It didn’t rain in Seattle during PAX Prime earlier this month. It’s a little odd that the city didn’t get any of the precipitation for which it is so well-known. Stranger still, however, are the weather patterns in The Walking Dead that Telltale Designer Harrison Pink told Perry Jackson and I about when we caught up with him on the second day of the show. Zombie storm fronts, you see, are an accepted, regular occurrence in the game world. Unusual weather phenomena aside, Pink had plenty to share about the first Walking Dead season. So break out your shotgun umbrella and prepare to weather the storm.
You guys just recently released The Walking Dead: Episode 3. What has the reception of it been like? Are you happy with it?

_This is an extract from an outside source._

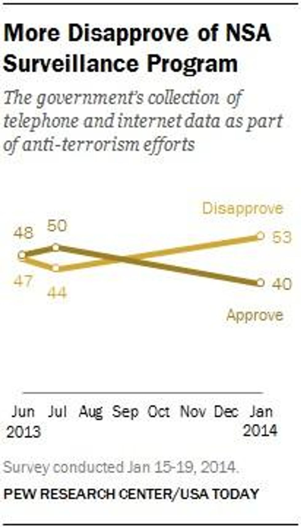 The poll, which surveyed 1,504 adults, found that 53% disapprove of the U.S. government's surveillance of telephone and internet data, while just 40% approve. This is a marked shift from July, when more than 50% said they approved and only 44% said they disapprove.

Harrison Pink: Oh yeah, it’s been awesome. It’s blown me away. You know, you get so head-down on finishing an episode, after a while you get really myopic on it, and it just gets like all you can see are the flaws, like ‘Aww, we left that on the table. Awww, we really didn’t have time to fix that.’ So, I’m really glad that releasing to the world has been such an awesome reception. I’m really glad that everyone has been loving it slash hating it.
I felt like Episode 1 set up the story, Episode 2 kind of wanted to go for that shock value and Episode 3 really just wanted to hit it home to your heart. It felt like a nice middle moment to the whole series so far.
Pink: Yeah, that was kind of the idea. I mean, you know, Sean [Vanaman] and Jake [Rodkin], the leads on The Walking Dead had the story sort of planned out way in advance. Even before the first line of dialogue for The Walking Dead was written, they already knew how the story was going to end and sort of where the middle is and all the events that are going to happen.
So, these sort of events are the kind of thing you have in The Walking Dead. Right? Like these things happen in The Walking Dead, so people kind of knew going in what we could push it to, and so this is exactly where the halfway point makes sense in the story.